Exercise>
This exercise calls for duplicating every entry below exactly, without the images.
*** Input for this task Section Begins ***
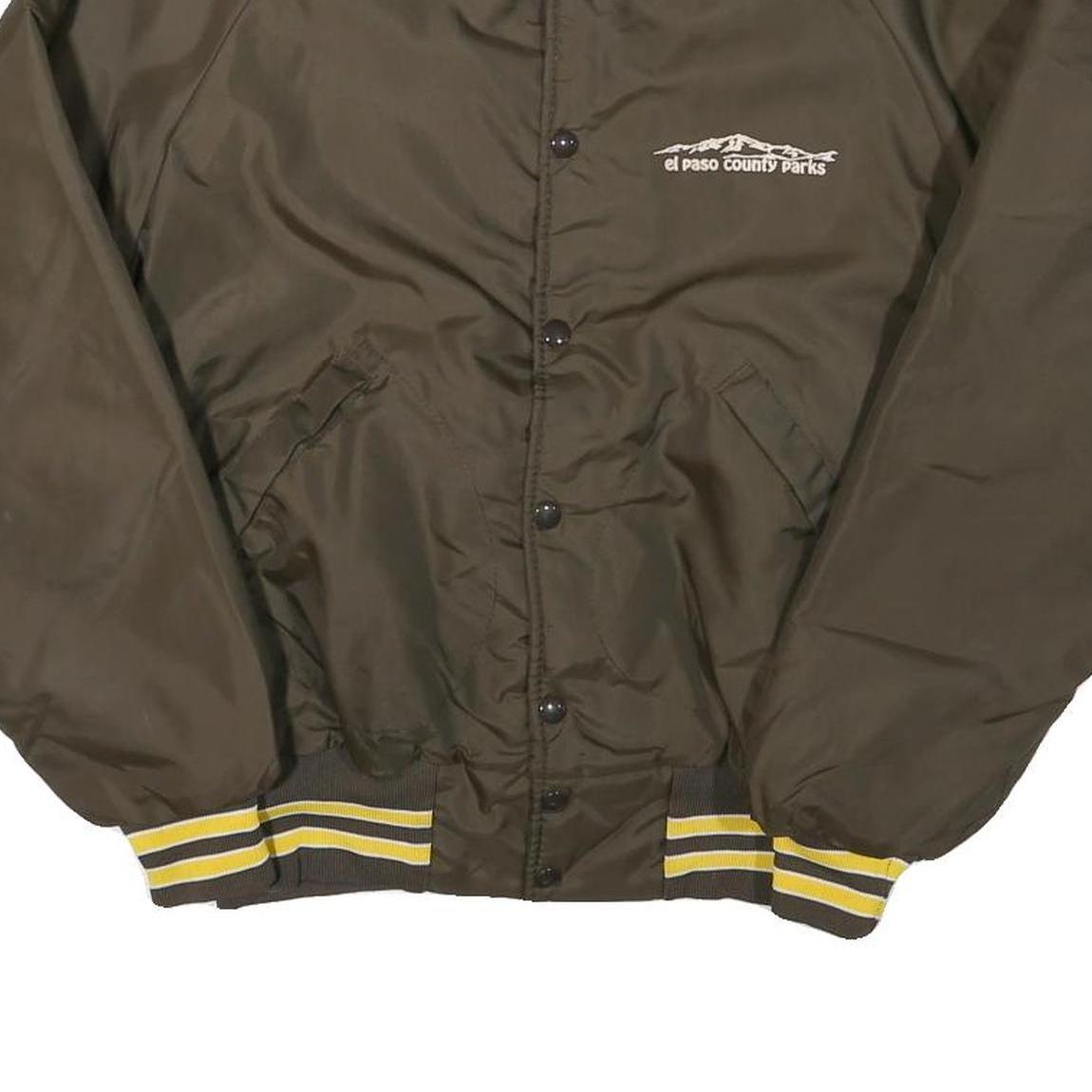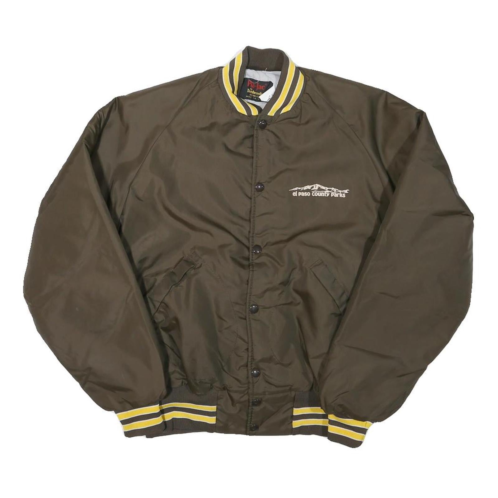 This PLA-JAC mens jacket features a primary brown colour with yellow and brown striped ribbing on the collar, cuffs, and waistband, creating a classic sporty look. The front includes button closures and two angled pockets, while an embroidered logo on the chest reads 'el paso county parks' beneath a stylised mountain graphic.
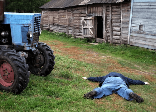 В кабине этого трактора никого не было, а тело тракториста обнаружили рядом – он каким-то образом выпал из кабины трактора и оказался под его колесами. Трактор с прицепом несколько раз проехался по нему, не оставив ни малейших шансов на выживание.
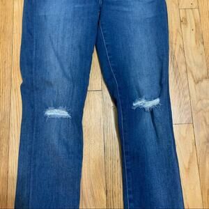 J Brand Mama J side panel destructed jeans. Functional front zipper and button closure with stretchy panels. Premium denim with factory distressing on seams and holes in knees. Minor wear from use, overall good condition!
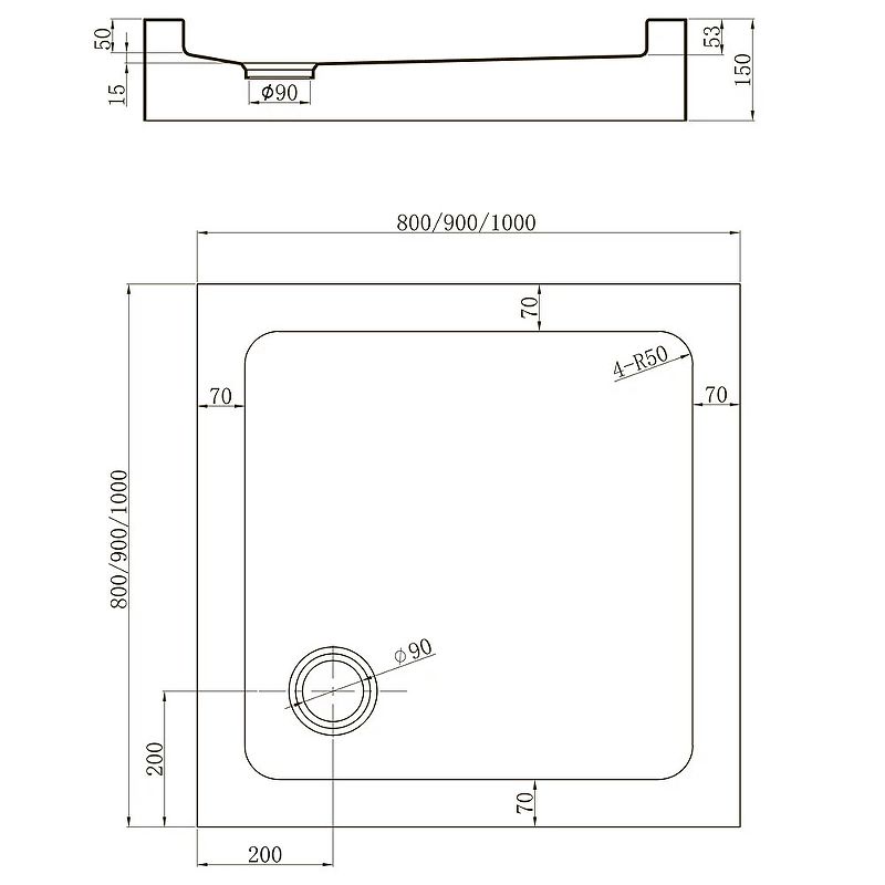 Душевой поддон квадратный Veconi Tezeo Acrylic TZ-52, 900x900x150, акрил, белый
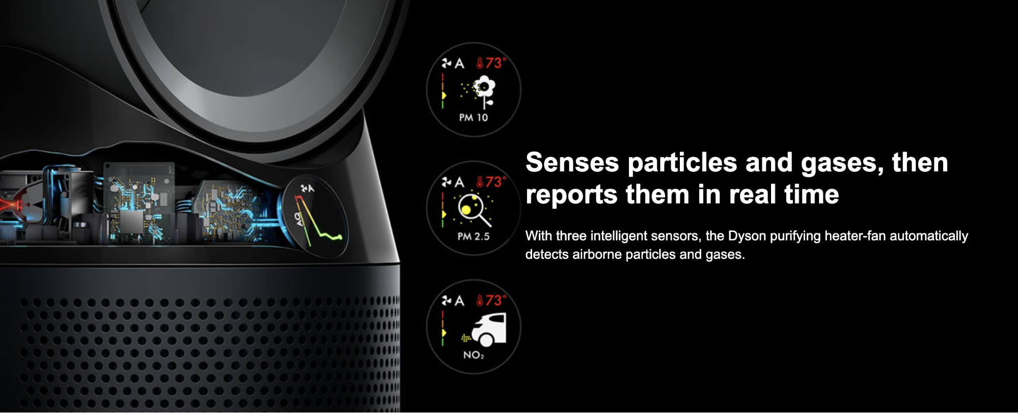 智慧監控功能,自動偵測懸浮粒子與氣體,並即時分析及回報在手機APP Dyson Link上,輕鬆從手機看到戶外、家中的空氣品質和溫度、濕度及濾芯壽命,還可以進行遠端操控。
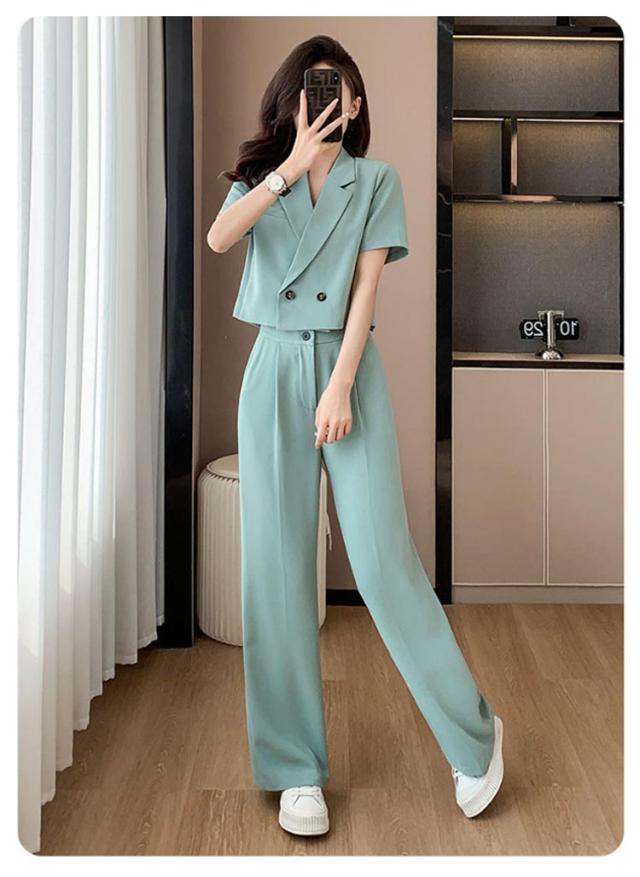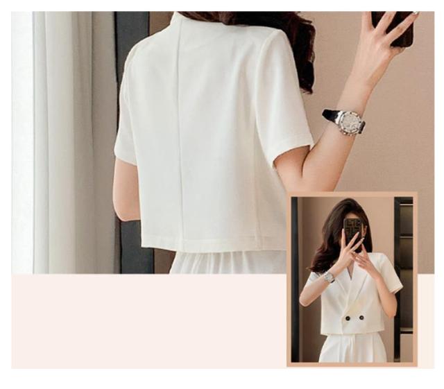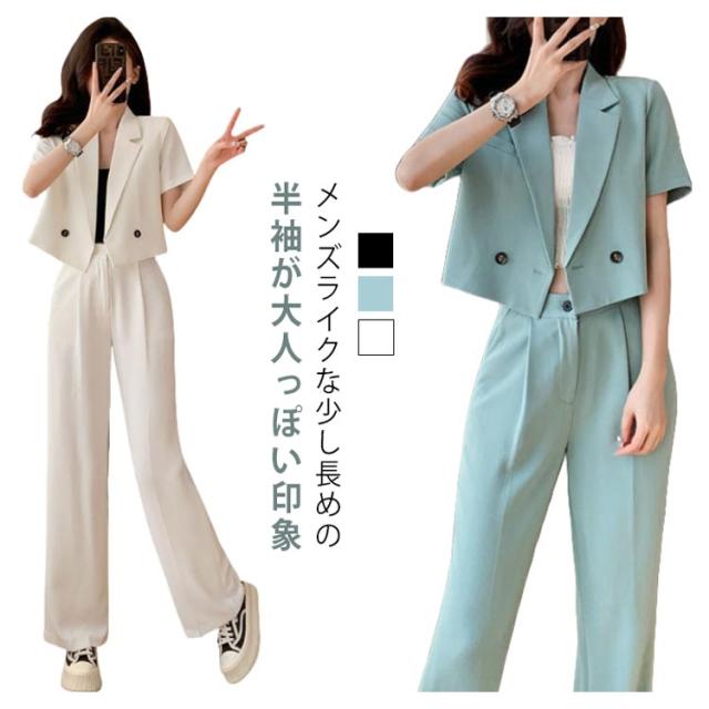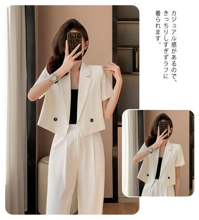 2点セット トップス レディース 結婚式 きれいめ サマージャケット 卒業式 長ズボン ジャケット ショート ゆったり 春 2点セット ママスーツ 体型カバー 夏 大きいサイズ 二次会 ワイドパンツ 半袖 入学式 大人 ハイウエスト 上品 30代 40代 50代 黒
*** Input for this task Section Ends ***
Task output>
 This PLA-JAC mens jacket features a primary brown colour with yellow and brown striped ribbing on the collar, cuffs, and waistband, creating a classic sporty look. The front includes button closures and two angled pockets, while an embroidered logo on the chest reads 'el paso county parks' beneath a stylised mountain graphic.
 В кабине этого трактора никого не было, а тело тракториста обнаружили рядом – он каким-то образом выпал из кабины трактора и оказался под его колесами. Трактор с прицепом несколько раз проехался по нему, не оставив ни малейших шансов на выживание.
 J Brand Mama J side panel destructed jeans. Functional front zipper and button closure with stretchy panels. Premium denim with factory distressing on seams and holes in knees. Minor wear from use, overall good condition!
 Душевой поддон квадратный Veconi Tezeo Acrylic TZ-52, 900x900x150, акрил, белый
 智慧監控功能,自動偵測懸浮粒子與氣體,並即時分析及回報在手機APP Dyson Link上,輕鬆從手機看到戶外、家中的空氣品質和溫度、濕度及濾芯壽命,還可以進行遠端操控。
 2点セット トップス レディース 結婚式 きれいめ サマージャケット 卒業式 長ズボン ジャケット ショート ゆったり 春 2点セット ママスーツ 体型カバー 夏 大きいサイズ 二次会 ワイドパンツ 半袖 入学式 大人 ハイウエスト 上品 30代 40代 50代 黒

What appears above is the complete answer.